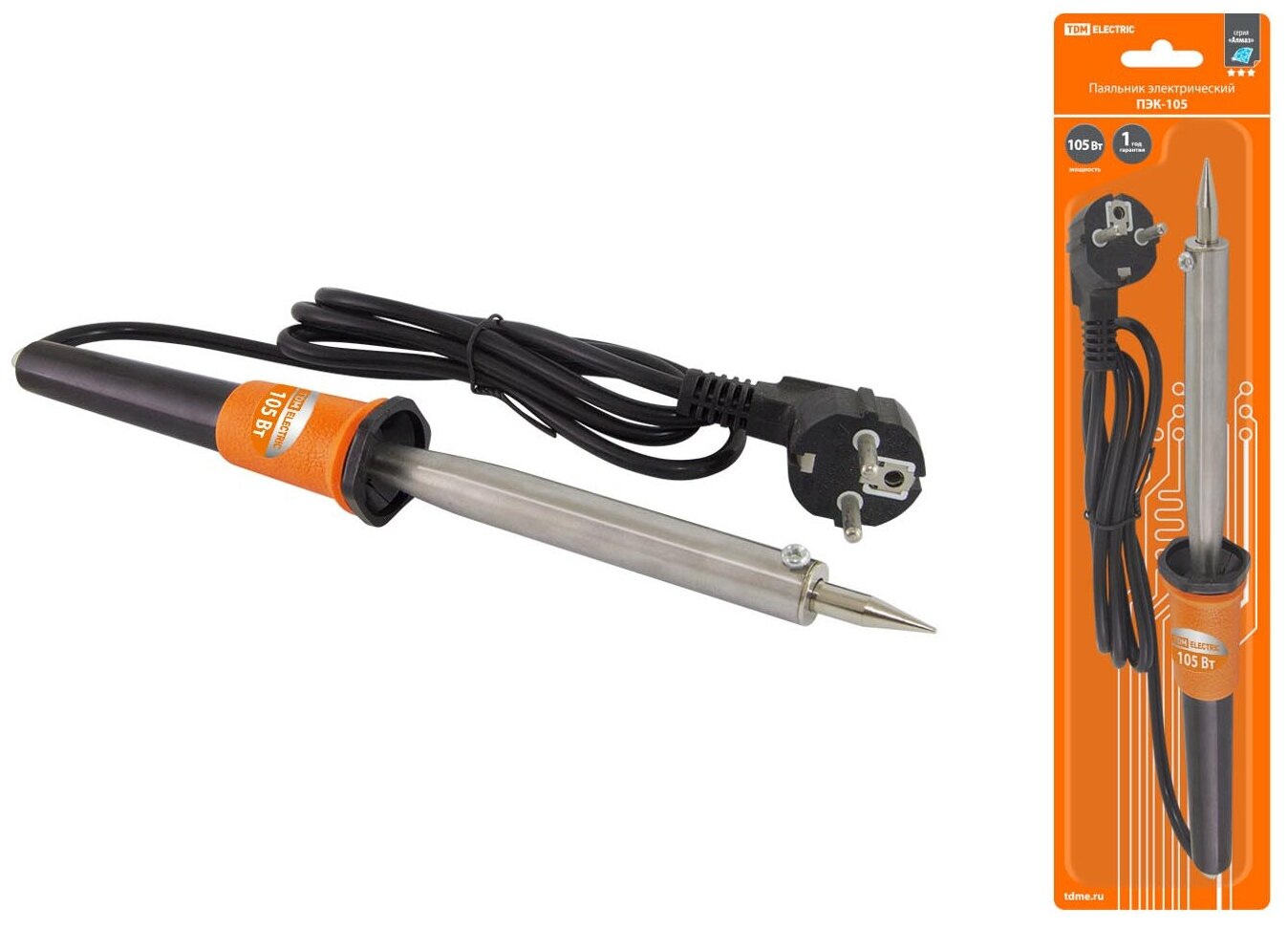 Паяльник ТДМ "Алмаз" ПЭК-105, 105Вт, 230В, керамический ТЭН, долговечное жало с заземлением, прорезиненная ручка
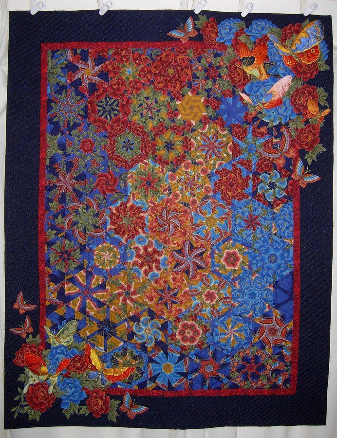 | Design Source - Description | The hexagons were cut from a single large patterned Asian fabric. I designed the applique' butterflies which are made in dupioni silk, painted, embellished with crystals and machine applique'd. |
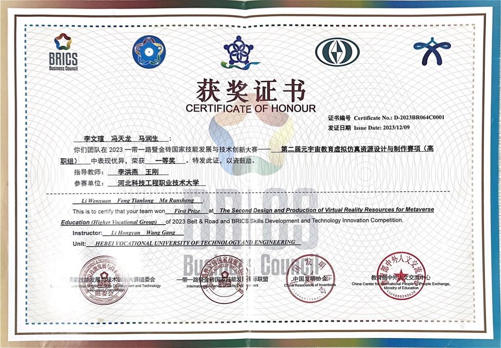 图8:2023年一带一路暨金砖国家大赛虚拟仿真赛项全国一等奖
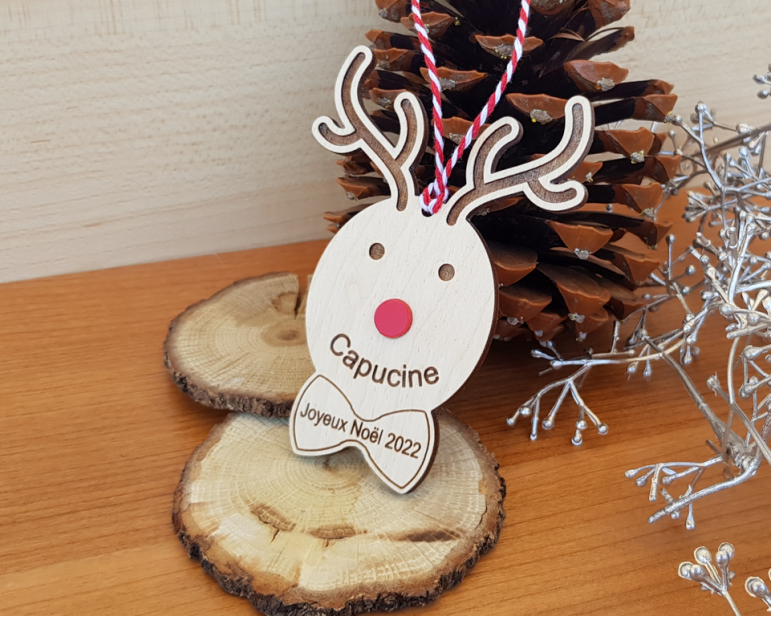 Cette boule de noël se compose de 2 parties, le fond en bois inscription gravés, le nez rouge est découpé de l'acrylique au laser, Les parties sont collées ensembles.
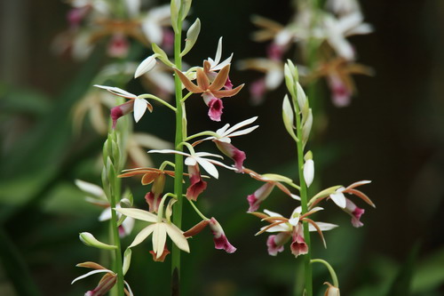 鹤顶兰(Phaius tancarvilleae (L’Hér.) Bl.)为兰科多年生常绿地生草本。植株大型,高70~80cm;假鳞茎圆锥状,粗短肥厚、肉质,被鞘;叶2~6枚,互生,阔长圆状披针形,长30~80厘米,宽6~12厘米,纸质,具纵向折扇状脉。总状花序由假鳞茎基部或叶腋抽出,粗壮直立,高达60~110 cm,着花10朵~30余朵,花大,美丽,直径7~10cm,背面白色,内面暗赭色或棕红色;唇瓣管状,与另外5个花被片巧妙组合,宛如仙鹤展翅飞翔。花被片的背面为白色,唇瓣为红色,因此又被称为“花白心红”,极富特色。花期春末夏初。

WHAT YOU NEED TO DO: Exactly as written above, print every line of the data but not its pictures.

ANSWER FOR THIS EXERCISE:
 Паяльник ТДМ "Алмаз" ПЭК-105, 105Вт, 230В, керамический ТЭН, долговечное жало с заземлением, прорезиненная ручка
 | Design Source - Description | The hexagons were cut from a single large patterned Asian fabric. I designed the applique' butterflies which are made in dupioni silk, painted, embellished with crystals and machine applique'd. |
 图8:2023年一带一路暨金砖国家大赛虚拟仿真赛项全国一等奖
 Cette boule de noël se compose de 2 parties, le fond en bois inscription gravés, le nez rouge est découpé de l'acrylique au laser, Les parties sont collées ensembles.
 鹤顶兰(Phaius tancarvilleae (L’Hér.) Bl.)为兰科多年生常绿地生草本。植株大型,高70~80cm;假鳞茎圆锥状,粗短肥厚、肉质,被鞘;叶2~6枚,互生,阔长圆状披针形,长30~80厘米,宽6~12厘米,纸质,具纵向折扇状脉。总状花序由假鳞茎基部或叶腋抽出,粗壮直立,高达60~110 cm,着花10朵~30余朵,花大,美丽,直径7~10cm,背面白色,内面暗赭色或棕红色;唇瓣管状,与另外5个花被片巧妙组合,宛如仙鹤展翅飞翔。花被片的背面为白色,唇瓣为红色,因此又被称为“花白心红”,极富特色。花期春末夏初。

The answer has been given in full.